Our model and the baseline [9] have been trained using the training data in BDD100K and the evaluation has been carried out with the validation data. Since only the object to be generated is under consideration, vehicles detected outside the generated region are ignored. Therefore, we only evaluate the recall of SSD, which is the ratio of whether the detector finds the generated object or not. In the dataset, there are a total of 6,020 vehicles to recall that satisfy our size constraints. Since the detector is trained using PascalVOC dataset [4], it is fair enough to compare the baseline and our method applied to BDD100K dataset.
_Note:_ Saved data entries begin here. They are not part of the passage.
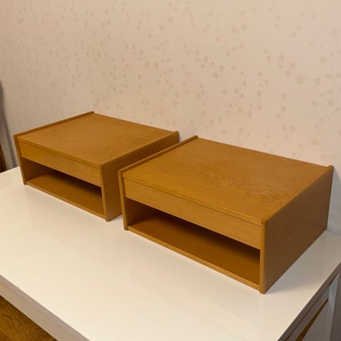 Slitage förekommer i form av repor, märken och fläckar, särskilt synliga på sidor och baksida. Extra hål för att flytta hyllorna. Inga strukturella skador noterade, stabil.
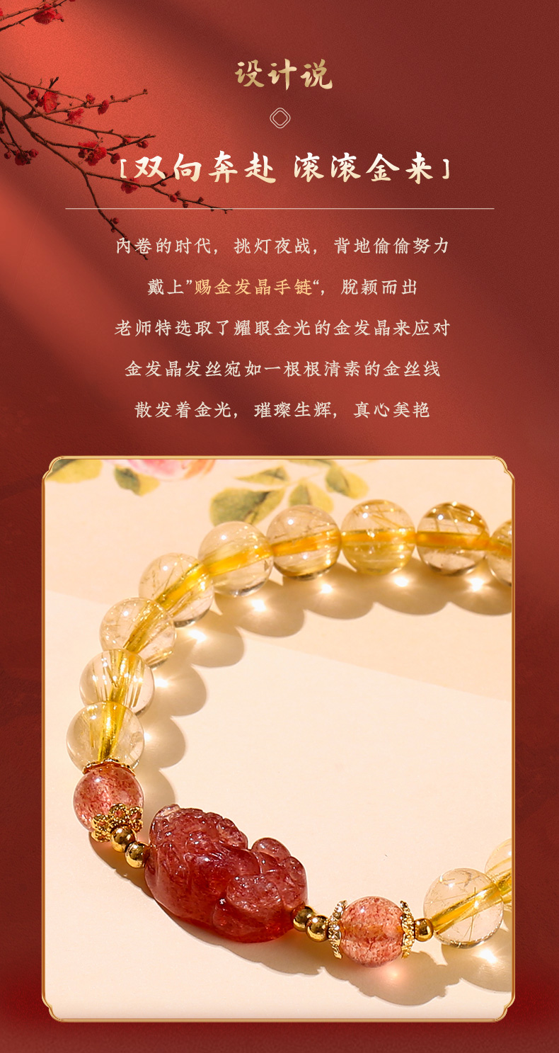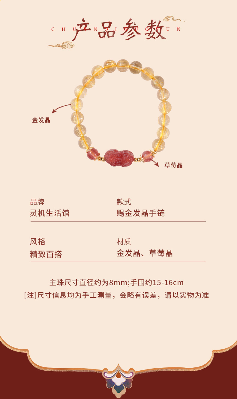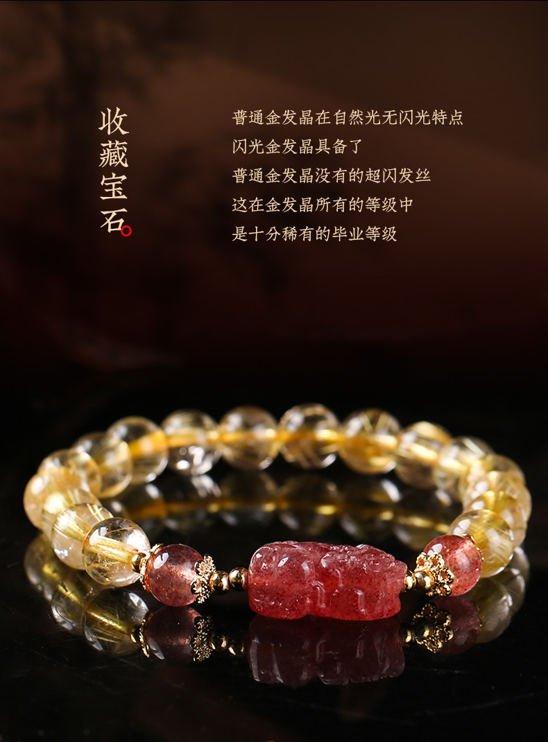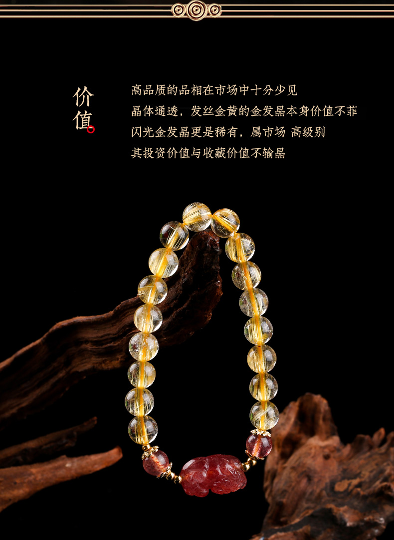 灵机吉品 金发晶手链 女草莓晶貔貅手串
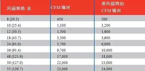 注意:CFM的定义是每分钟空气的立方英尺流量。
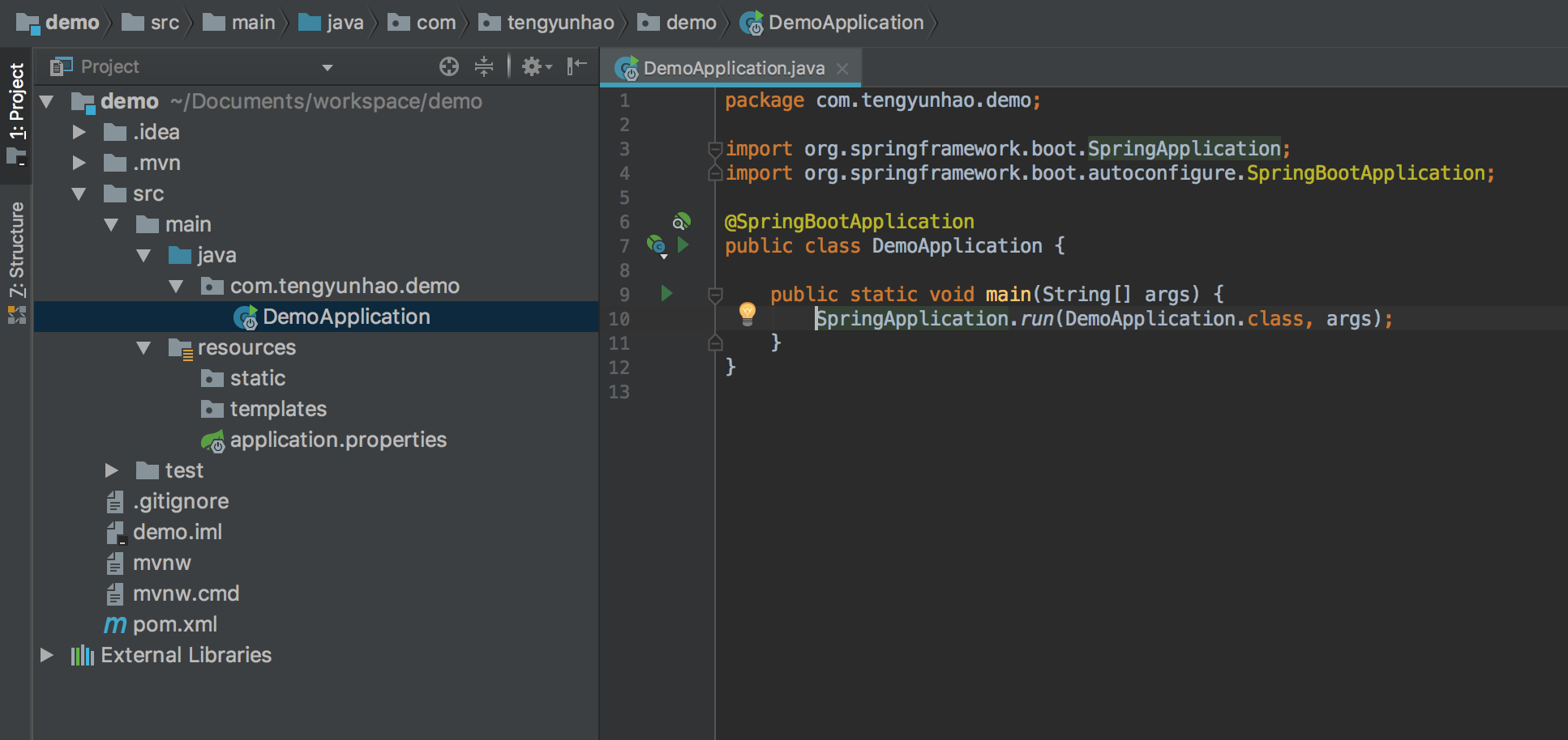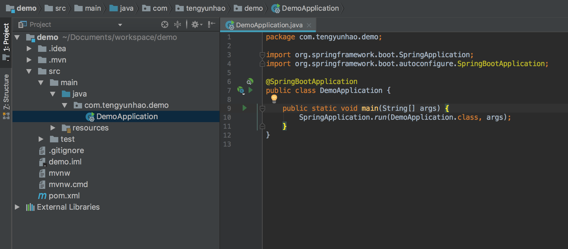 我们创建一个 Spring Boot 项目后会自动生成一个入口类,入口类中包含一个 main 方法,通过这个我们来启动 Web 项目,如图:

Table 1 shows the recall scores of SSD on BDD dataset. For the original BDD images, SSD detects vehicles in the box area at a rate of 78.59% using the confidence threshold of 0.3 and 87.42% using the confidence threshold of 0.12 as shown in Table 1. In both class confidence score thresholds, our method highly precedes the baseline by about 10% points. Additionally, we analyze the detection result of which the threshold is 0.12. Samples, which our method successfully makes the detector perceive as vehicles while the baseline fails to, occupy 17.24% while the opposite case records 7.47%. One example of this case is shown in the top row of Fig. 5. Meanwhile, though both methods successfully deceive the detector in many cases, quite a lot of samples generated by the baseline suffer from a qualitatively poor performance. This case is presented in the bottom row of Fig. 5. Considering that some ambiguous results from the baseline are occasionally detected by the detector, we expect that the performance of our method would be rated higher if evaluated by a qualitative metric.

4.5 Measuring Generation Quality

Frechet inception distance (FID) score [7] is a measure frequently used to evaluate the generation quality of generative models. Using a pre-trained Inception-V3, FID compares the statistics of generated images to the real ones.

In Table 2, we assess the quality of images generated by each method. Images from [9] roughly have the appearance of vehicles but record the worst FID score. This attributes to the abstractly depicted context of each vehicle. The work of Liu et al. shows an intermediate level of FID score. Though the silhouette of the generated sample resembles the vehicle, the texture inside is rather a noise which causes an increase in the FID score. Our method has the lowest FID score, which means that our method generates samples that have the most similar distribution to that of real samples.

5 Discussion

The object detection dataset includes annotations indicating the location where the car exists, not where the car may be. This enforces us to give the model a box at a reasonable position manually. Although the most important merit of our method is that we only use a box annotation to generate a vehicle, the necessity of giving a box candidate still remains. For example, with a box given upon a building, the model would still try to generate a car even if it is nonsense. With a highly predictive scene understanding model that can suggest the location where the vehicle may be, we expect a fully automated vehicle image augmentation would be possible. Also, wide boxes, which correspond to the cars near the camera, usually fail to be filled, which is the drawback of the image completion models. A portion of the car may lie outside the camera angle and this will go against the overall aspect of trained objects. Some of the failure examples are given in Fig. 6.

Fig. 6.
figure 6

Failure cases. On the first row lie some single channel outputs of Snet and on the second row lie the corresponding 3-channel outputs of Tnet.

6 Conclusion

We tackled a problem to generate vehicles at designated locations over images of real scenes. To solve this problem, we used an architecture composed of two subnetworks which generate the shape and the texture of the vehicle respectively. The Snet roughly completes the shape of the car according to the surroundings while the Tnet decides the details of the generated vehicle resulting in a better generating performance. Consequently, our method can generate objects going well with the surroundings in arbitrary locations. This is highly expected to be foundation research for image augmentation research.